■ DATASET CONTENT:
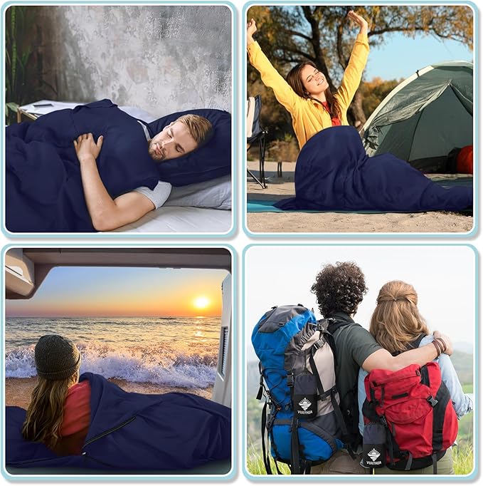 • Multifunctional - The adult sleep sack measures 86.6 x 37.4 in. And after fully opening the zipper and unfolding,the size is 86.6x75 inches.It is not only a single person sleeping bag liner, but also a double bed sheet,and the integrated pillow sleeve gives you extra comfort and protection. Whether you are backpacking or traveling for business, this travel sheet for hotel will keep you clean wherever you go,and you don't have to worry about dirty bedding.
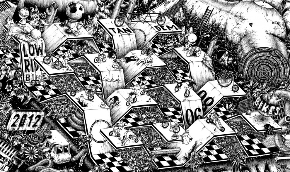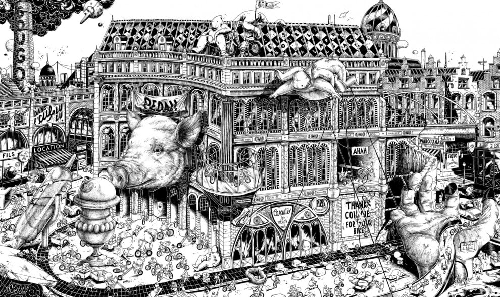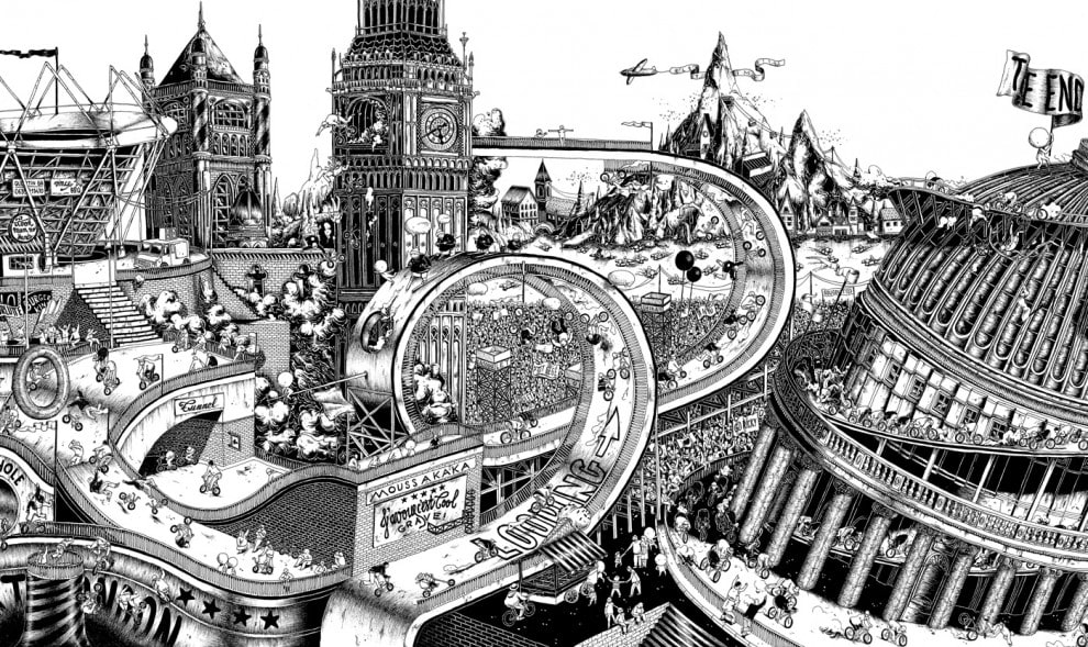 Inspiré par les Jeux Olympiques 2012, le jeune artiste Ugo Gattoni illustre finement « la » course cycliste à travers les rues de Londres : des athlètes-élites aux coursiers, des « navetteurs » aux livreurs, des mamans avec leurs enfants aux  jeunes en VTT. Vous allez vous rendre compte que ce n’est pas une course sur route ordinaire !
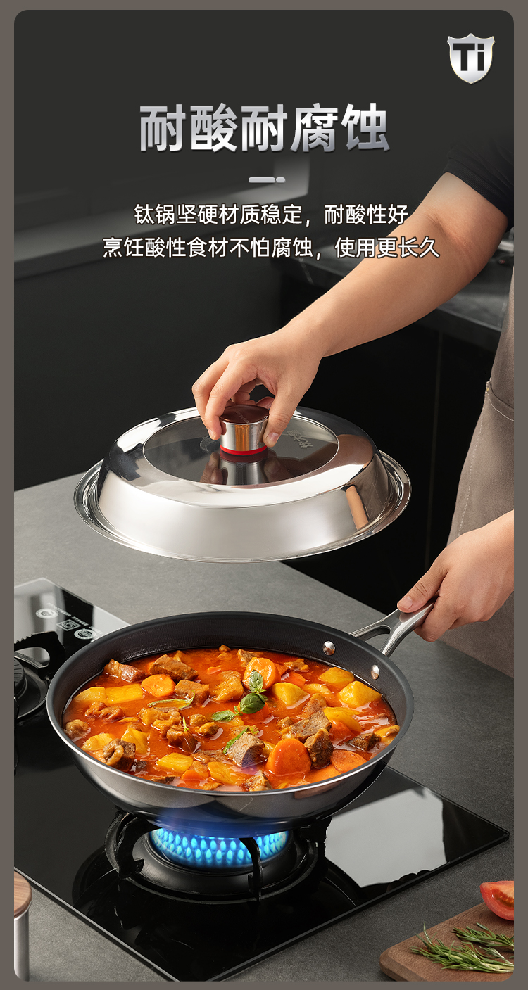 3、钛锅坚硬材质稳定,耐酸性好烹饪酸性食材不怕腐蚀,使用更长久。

■ PROBLEM DETAILS: Repeat the material above exactly. Leave every picture out of it.

■ EXPECTED ANSWER:
 • Multifunctional - The adult sleep sack measures 86.6 x 37.4 in. And after fully opening the zipper and unfolding,the size is 86.6x75 inches.It is not only a single person sleeping bag liner, but also a double bed sheet,and the integrated pillow sleeve gives you extra comfort and protection. Whether you are backpacking or traveling for business, this travel sheet for hotel will keep you clean wherever you go,and you don't have to worry about dirty bedding.
 Inspiré par les Jeux Olympiques 2012, le jeune artiste Ugo Gattoni illustre finement « la » course cycliste à travers les rues de Londres : des athlètes-élites aux coursiers, des « navetteurs » aux livreurs, des mamans avec leurs enfants aux  jeunes en VTT. Vous allez vous rendre compte que ce n’est pas une course sur route ordinaire !
 3、钛锅坚硬材质稳定,耐酸性好烹饪酸性食材不怕腐蚀,使用更长久。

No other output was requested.